Obra narra experiência de oito anos a bordo de um vapor no Velho Chico, lendas e histórias de personagens ribeirinhos. Narrativa lembra perseguição pela ditadura

Perseguida pela ditadura, Lourdes Barroso se ocultou em um vapor, onde deu voz aos tripulantes analfabetos como escrivã de cartas endereçadas a parentes e amigos (foto: Aparício Mansur/Divulgação)

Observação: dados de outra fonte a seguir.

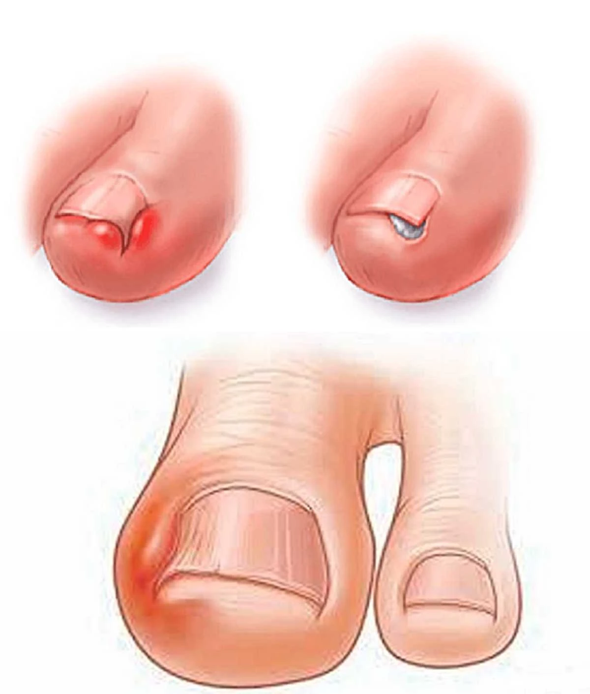 An ingrown nail occurs when the edge of the nail starts to press into or grow into the surrounding skin. It most often happens to the big toe. The main causes include:

Hoje reduzidas a pequenos passeios turísticos realizados pelo Vapor Benjamin Guimarães, mantido em Pirapora (MG), as viagens das antigas embarcações entre essa cidade mineira e Juazeiro (BA) são revividas em Diário de bordo – Entre vapores e carrancas, livro da artesã e cantora popular Lourdes Barroso, que durante oito anos – entre 1965 e 1973 – fez, repetidas vezes, o percurso de 1.371 quilômetros em que o manancial é navegável. O relato vem recheado de lendas, folclore, a culinária e ricas histórias dos personagens ribeirinhos. Hoje aposentada, Lourdes fala ainda das carrancas, que ela aprendeu a fazer sobre as águas do Velho Chico. O livro foi organizado pelo fotógrafo e ambientalista Aparício Mansur.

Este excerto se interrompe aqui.